A bot simplifies a lot of this. Bots seamlessly integrate within existing popular channels of communications using simple APIs, thus providing the “build-once-deploy-everywhere” advantage. The UI is relatively simple with a few basic components like choice menus, carousels, and URLs., making them easily adaptable for various organizations in an industry. The main challenge in bot building is conversation design and understanding and responding in natural language, which, in general is a hard problem in the areas of natural language processing (NLP), AI, and machine learning.

So how do you get around this challenge? The key is to first identify common, yet simple, use cases that can be solved by a bot in a step-by-step fashion. For example, the most commonly performed operations during a loan lifecycle are generating monthly statements, instalment/lump-sum payments, loan payoffs, or requests for extensions. Each of these tasks can be clearly explained using a simple step-by-step process without much customization (imagine the steps involved in paying your credit card bill).

So, the first version of the bot can be purely menu driven for addressing these frequent use cases. More complicated processes like loan origination, refinancing, or renewal, that often need human involvement, can be tackled later. Also, the bot can be made smarter progressively, by adding simple layers of NLP, for example, understanding dates/times or simple intents entered via free text.

How Can SAP Support the Bot Wave?

With enterprise offerings in many domains, SAP has robust backend systems with feature sets that address essential business process flows. There are existing, standard, secure enterprise services (APIs) for most processes, which can be used to build bots very quickly. For example, a lending bot that lets consumers perform most common operations via a messaging channel of their choice could be extremely lucrative to small financial organizations that are ready to invest in a core banking backend system but do not have a mobile app to integrate it with, or are looking for ways to improve customer interaction.

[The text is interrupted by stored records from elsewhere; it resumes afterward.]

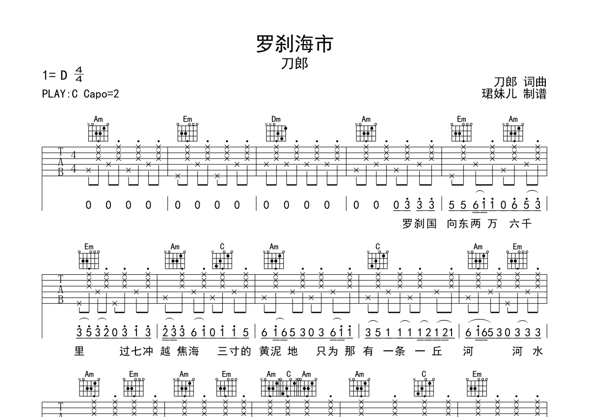 • 罗刹海市吉他谱 - 刀郎 - C调吉他弹唱谱第1张
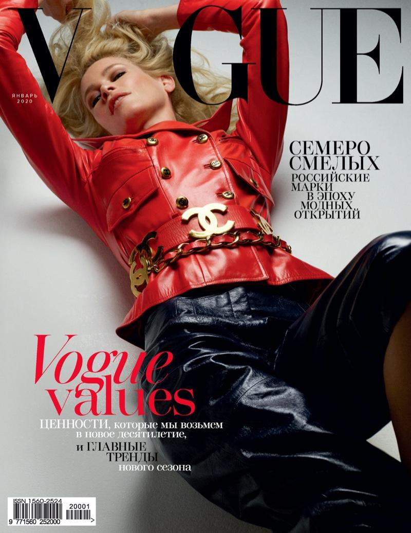 克劳迪娅·希弗 (Claudia Schiffer ) 在《 Vogue》俄罗斯版的封面中脱颖而出。被Cuneyt Akeroglu 抓获瞬间,她身穿猩红色 Chanel 夹克、金色腰带和黑色长裤。在时尚亮片中,克劳迪娅拥抱了一个装满法国品牌的衣橱。这位金发超模由Katerina Zolototrubova 设计,展示了她标志性的容貌。
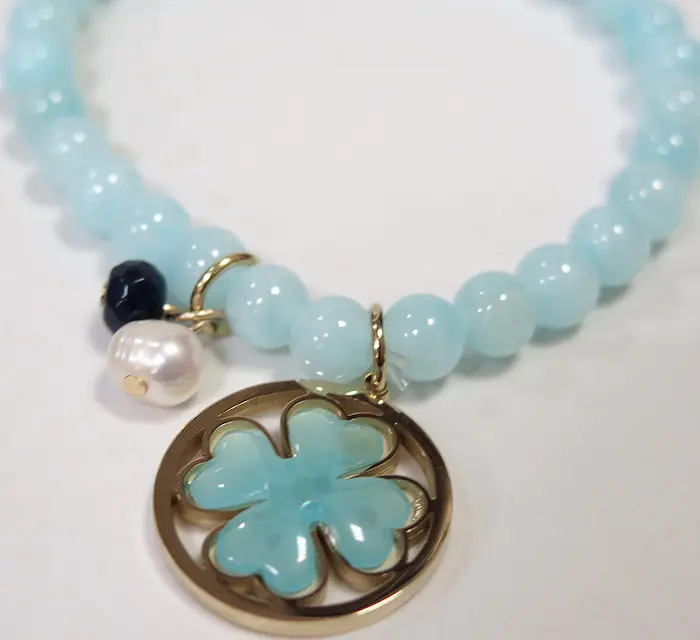 Натуральный камень, ювелирная сталь L316 с напылением 14К по технологии IPG
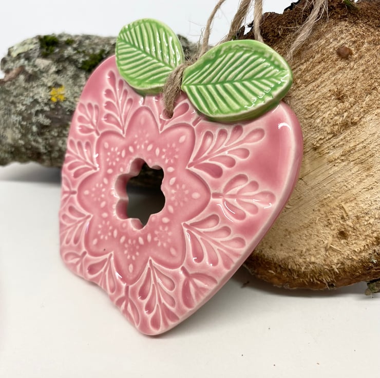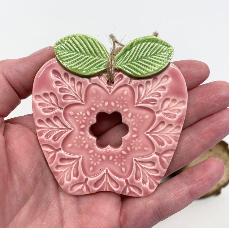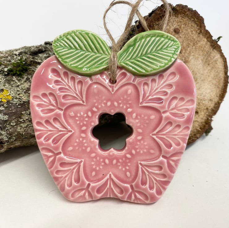 This cute little apple is hand cut from white earthenware clay and decorated with pattern. It has been fired once, a rich glossy glaze is applied and it is then fired again - so is nice and strong. It measures 7.5cm x 7cm and hangs from a brown string. It is glazed on the front and left plain on the back.
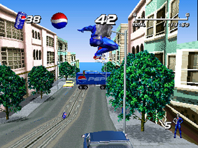 Pepsiman is an action game developed and published by KID for the PlayStation. It was released in Japan on March 4, 1999, and is based on the American carbonated soft drink Pepsi’s eponymous superhero mascot. It focuses the player on avoiding obstacles by running, dashing, and jumping, while Pepsiman automatically runs forward through each of the game’s stages.
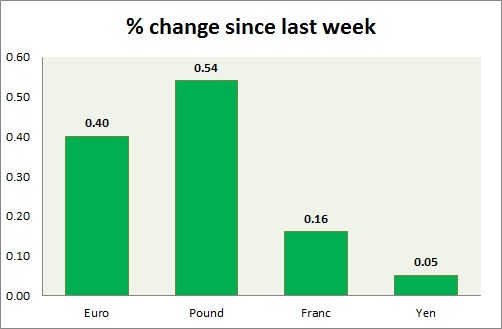 Strength meter (since last week) – Euro +0.40%, Franc +0.16%, Yen +0.05%, GBP +0.54%
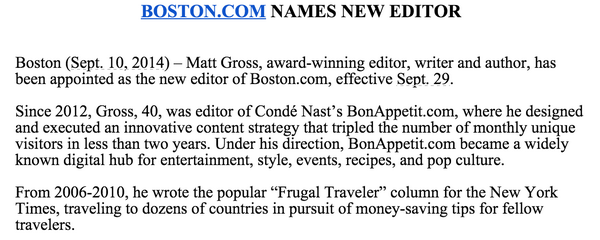 RT @Poynter http://Boston.com names @worldmattworld new editor
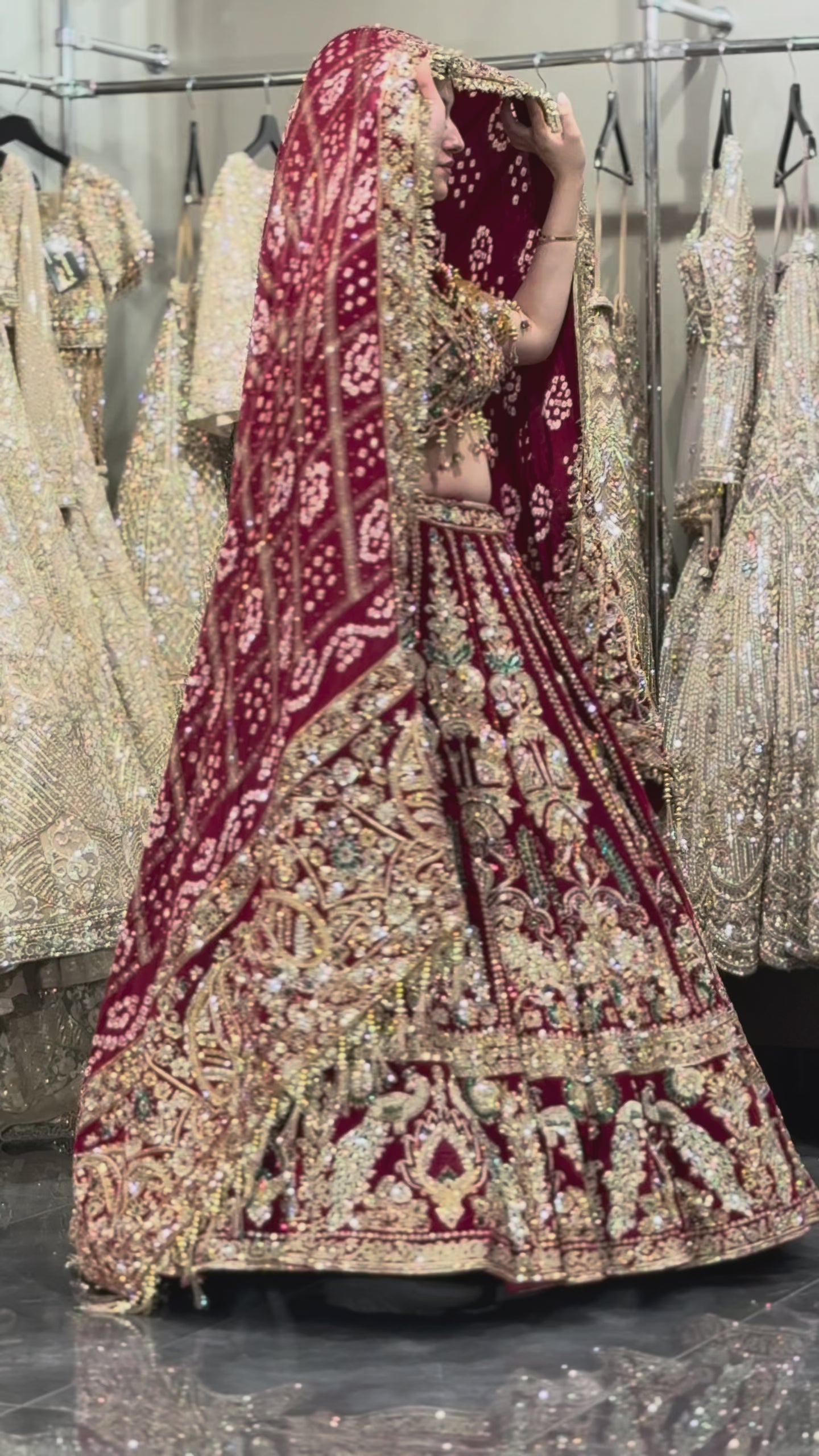 Deep Maroon Geometric Zardosi & Crystal Embroidered Bridal Lehenga
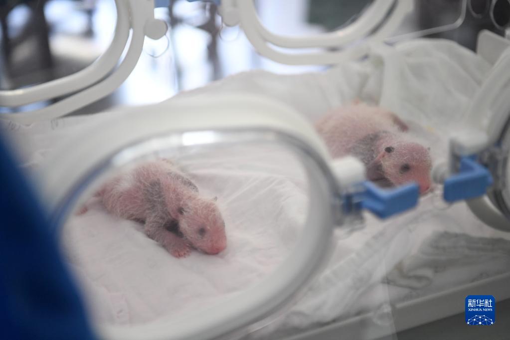 9月23日,重慶動(dòng)物園一對(duì)雙胞胎大熊貓幼仔首次亮相。據(jù)介紹,這對(duì)大熊貓雙胞胎于9月13日出生,是一對(duì)龍鳳胎。這是重慶動(dòng)物園今年繁育成功的第二對(duì)大熊貓雙胞胎幼仔。

In essence, the rich heritage of enterprise backend applications that SAP offers coupled with the right business use case will drive the success for enterprise bots.

All in all, 2016 can be described as the year of bot emergence, and recent trends show that moving forward, there will be considerably more involvement of bots in our daily lives.  Seventy percent of American consumers say they prefer using chatbots to interact with companies for common interactions over other channels. So, bots and companies that cater to such needs will gain and flourish.